START INFORMATION

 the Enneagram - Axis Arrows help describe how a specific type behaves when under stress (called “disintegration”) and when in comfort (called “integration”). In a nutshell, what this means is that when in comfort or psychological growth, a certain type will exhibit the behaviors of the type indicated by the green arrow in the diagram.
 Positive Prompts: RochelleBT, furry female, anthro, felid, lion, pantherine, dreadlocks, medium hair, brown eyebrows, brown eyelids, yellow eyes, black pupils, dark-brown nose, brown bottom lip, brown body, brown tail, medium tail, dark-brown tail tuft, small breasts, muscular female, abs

END INFORMATION
START INFORMATION

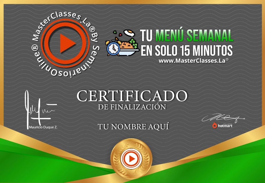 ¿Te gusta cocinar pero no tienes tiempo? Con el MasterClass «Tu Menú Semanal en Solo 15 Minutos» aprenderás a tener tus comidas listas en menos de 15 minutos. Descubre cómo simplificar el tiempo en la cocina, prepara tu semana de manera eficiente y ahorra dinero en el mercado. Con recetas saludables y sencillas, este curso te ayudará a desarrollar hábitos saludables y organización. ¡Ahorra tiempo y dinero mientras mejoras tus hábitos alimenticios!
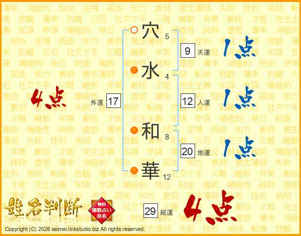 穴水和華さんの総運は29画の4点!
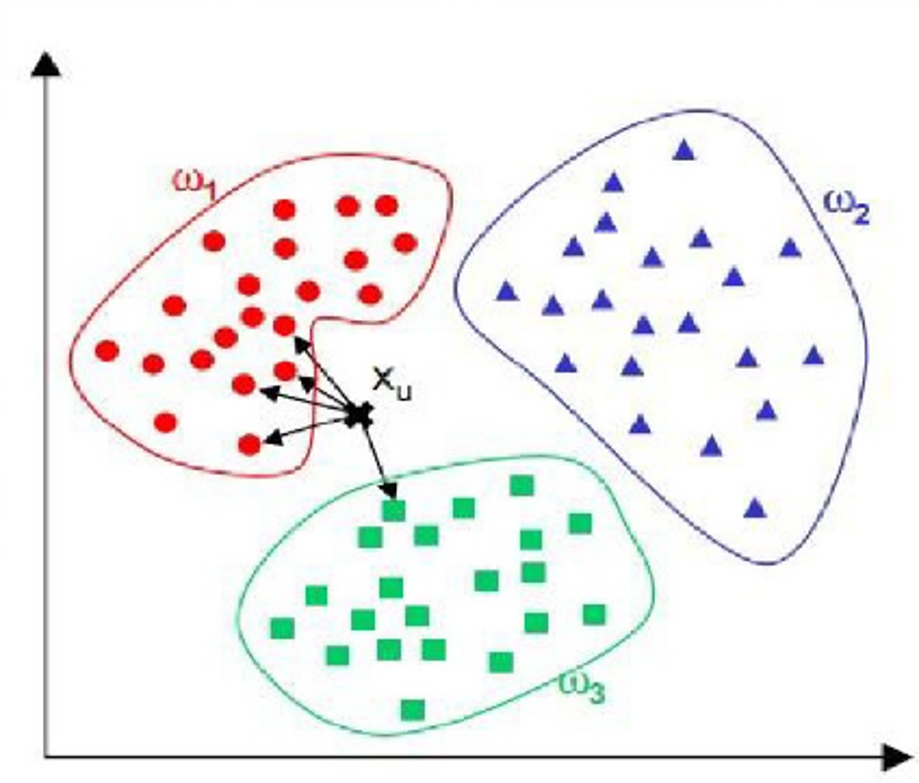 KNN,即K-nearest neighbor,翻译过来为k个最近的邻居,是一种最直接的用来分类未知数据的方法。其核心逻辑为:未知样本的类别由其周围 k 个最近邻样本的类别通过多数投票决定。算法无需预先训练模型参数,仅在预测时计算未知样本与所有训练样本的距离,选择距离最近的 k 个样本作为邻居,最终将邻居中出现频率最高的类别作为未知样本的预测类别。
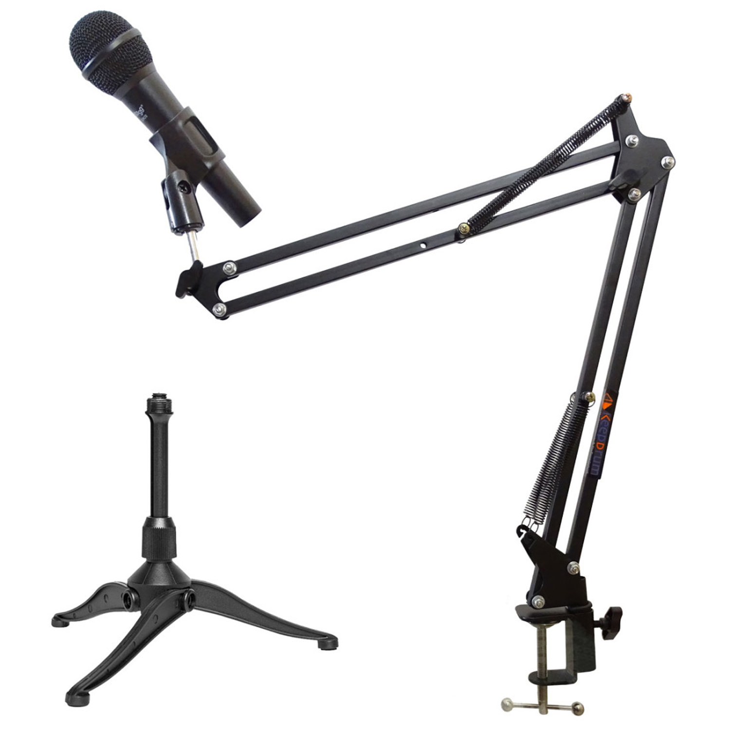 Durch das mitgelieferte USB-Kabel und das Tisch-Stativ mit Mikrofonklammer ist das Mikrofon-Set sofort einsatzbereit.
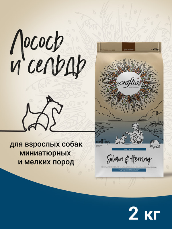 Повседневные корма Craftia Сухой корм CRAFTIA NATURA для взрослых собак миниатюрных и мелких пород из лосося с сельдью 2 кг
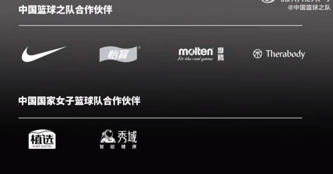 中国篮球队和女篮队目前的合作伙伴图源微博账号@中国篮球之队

END INFORMATION
START INFORMATION

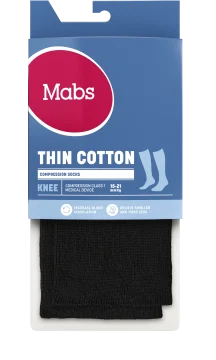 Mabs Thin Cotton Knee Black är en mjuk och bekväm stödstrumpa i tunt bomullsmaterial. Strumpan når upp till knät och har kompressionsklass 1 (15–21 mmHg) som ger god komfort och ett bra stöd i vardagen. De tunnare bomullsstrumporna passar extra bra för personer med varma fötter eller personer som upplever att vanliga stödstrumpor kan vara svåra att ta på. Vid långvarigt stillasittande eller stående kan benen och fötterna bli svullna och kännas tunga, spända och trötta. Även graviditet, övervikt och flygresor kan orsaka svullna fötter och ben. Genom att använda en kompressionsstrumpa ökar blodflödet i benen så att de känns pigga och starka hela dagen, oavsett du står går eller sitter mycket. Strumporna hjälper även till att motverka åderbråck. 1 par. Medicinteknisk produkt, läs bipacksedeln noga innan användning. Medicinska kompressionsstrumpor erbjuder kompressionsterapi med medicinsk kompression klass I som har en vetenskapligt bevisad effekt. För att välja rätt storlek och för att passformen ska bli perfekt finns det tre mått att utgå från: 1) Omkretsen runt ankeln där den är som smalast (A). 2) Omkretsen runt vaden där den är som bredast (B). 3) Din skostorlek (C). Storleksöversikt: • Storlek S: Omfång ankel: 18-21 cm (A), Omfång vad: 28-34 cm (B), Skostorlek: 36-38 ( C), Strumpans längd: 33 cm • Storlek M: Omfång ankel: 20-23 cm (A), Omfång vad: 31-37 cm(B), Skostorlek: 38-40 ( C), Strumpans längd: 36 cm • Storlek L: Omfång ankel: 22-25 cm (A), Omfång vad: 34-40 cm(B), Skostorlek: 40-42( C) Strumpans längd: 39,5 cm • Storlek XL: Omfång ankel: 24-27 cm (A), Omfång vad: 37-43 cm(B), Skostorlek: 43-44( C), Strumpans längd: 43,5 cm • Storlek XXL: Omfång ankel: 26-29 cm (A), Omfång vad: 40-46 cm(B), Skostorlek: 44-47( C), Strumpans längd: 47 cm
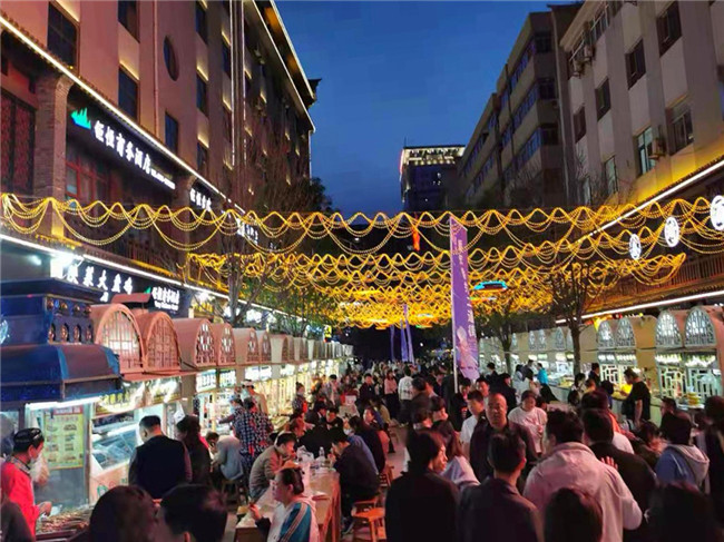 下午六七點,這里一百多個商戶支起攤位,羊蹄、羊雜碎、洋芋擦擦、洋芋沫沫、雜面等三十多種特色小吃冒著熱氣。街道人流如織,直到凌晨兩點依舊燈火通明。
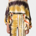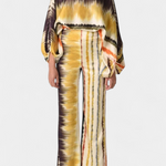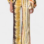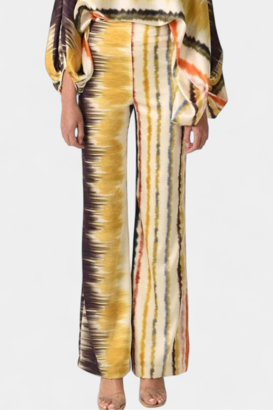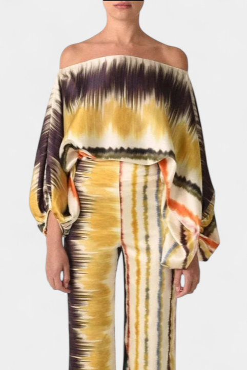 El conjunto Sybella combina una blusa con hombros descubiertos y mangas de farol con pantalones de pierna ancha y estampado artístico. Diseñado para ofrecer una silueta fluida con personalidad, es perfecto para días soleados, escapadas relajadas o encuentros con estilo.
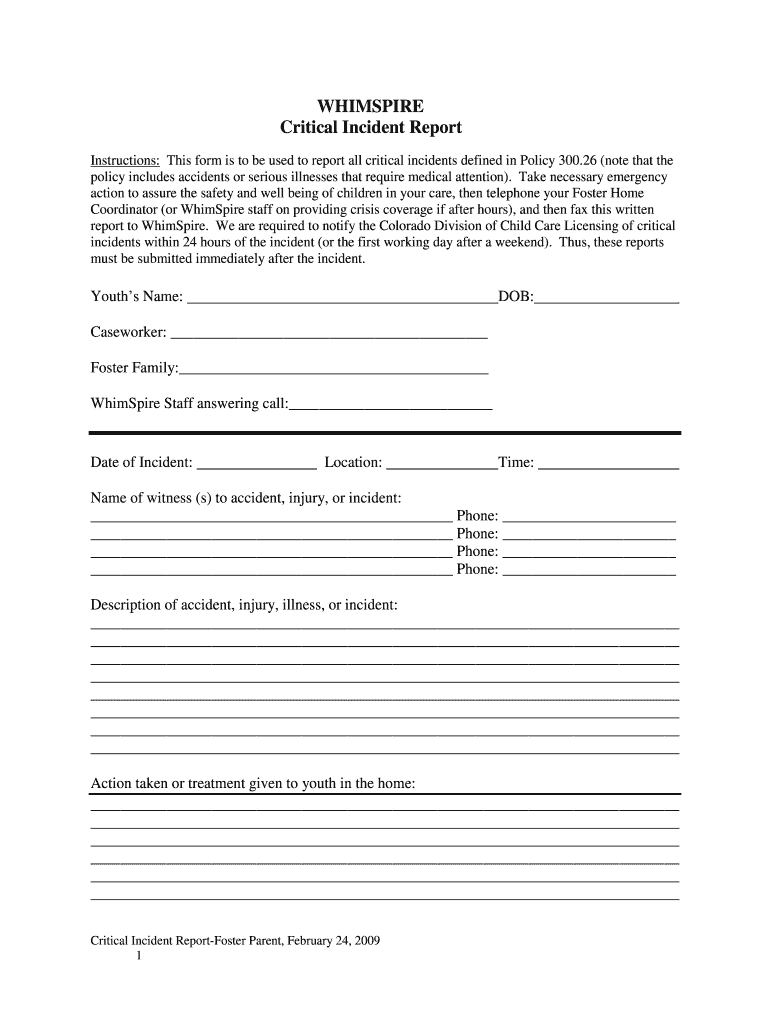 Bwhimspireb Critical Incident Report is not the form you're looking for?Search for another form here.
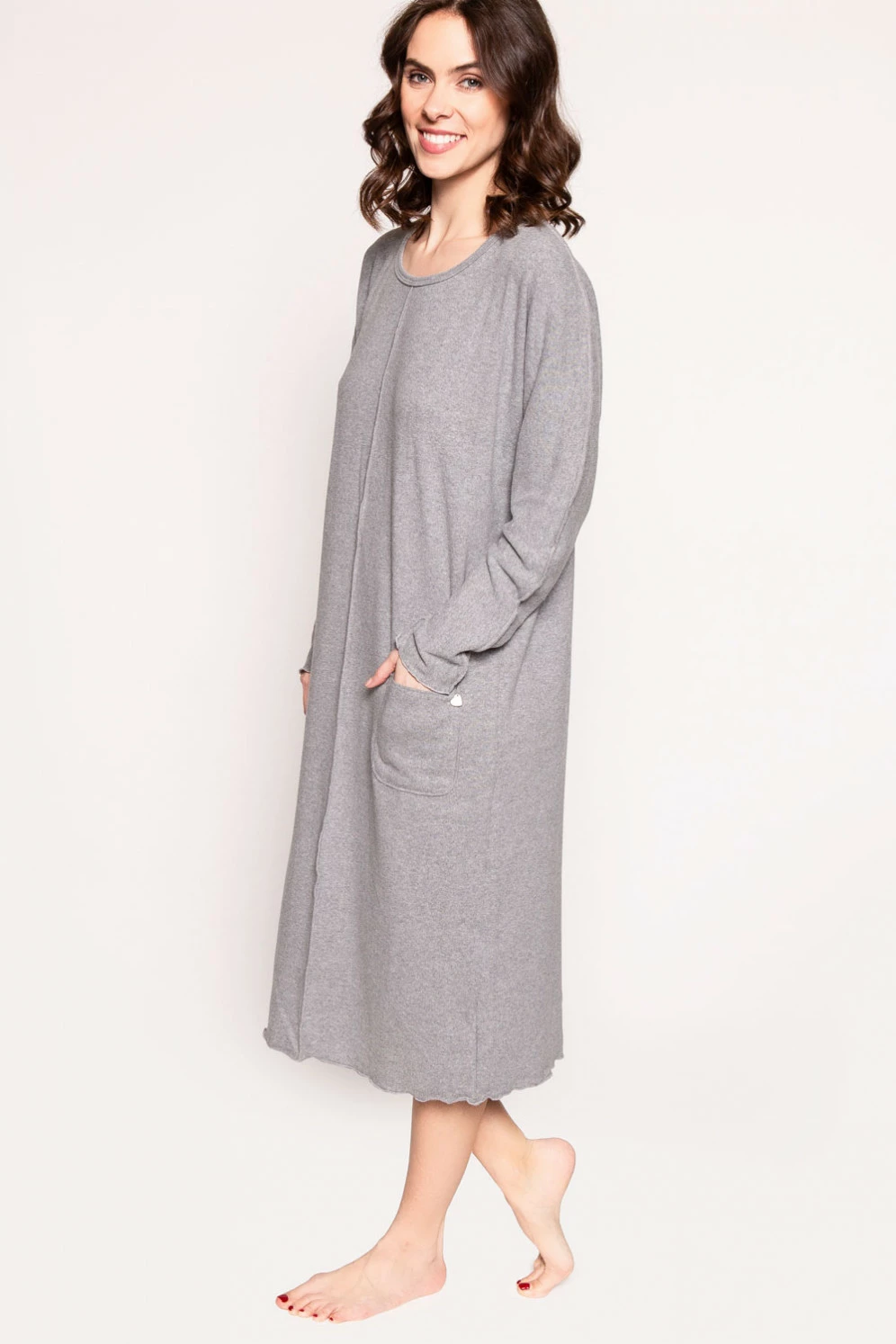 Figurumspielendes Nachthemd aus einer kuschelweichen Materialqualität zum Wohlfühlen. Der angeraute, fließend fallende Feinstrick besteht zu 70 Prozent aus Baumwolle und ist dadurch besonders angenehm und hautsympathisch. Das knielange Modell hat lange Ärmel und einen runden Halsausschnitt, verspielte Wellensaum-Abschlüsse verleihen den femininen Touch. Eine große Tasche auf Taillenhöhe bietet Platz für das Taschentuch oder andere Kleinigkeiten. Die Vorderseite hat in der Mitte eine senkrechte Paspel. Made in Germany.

END INFORMATION

● WHAT TO WORK ON: Keep to the stretch from the line containing "Durch das mitgelieferte" through the line containing "中国篮球队和女篮队目前的合作伙伴图源微博账号@中国篮球之队", both ends included, and copy it exactly from the listing above, minus the pictures.

● ANSWER TO THIS TASK:
 Durch das mitgelieferte USB-Kabel und das Tisch-Stativ mit Mikrofonklammer ist das Mikrofon-Set sofort einsatzbereit.
 Повседневные корма Craftia Сухой корм CRAFTIA NATURA для взрослых собак миниатюрных и мелких пород из лосося с сельдью 2 кг
 中国篮球队和女篮队目前的合作伙伴图源微博账号@中国篮球之队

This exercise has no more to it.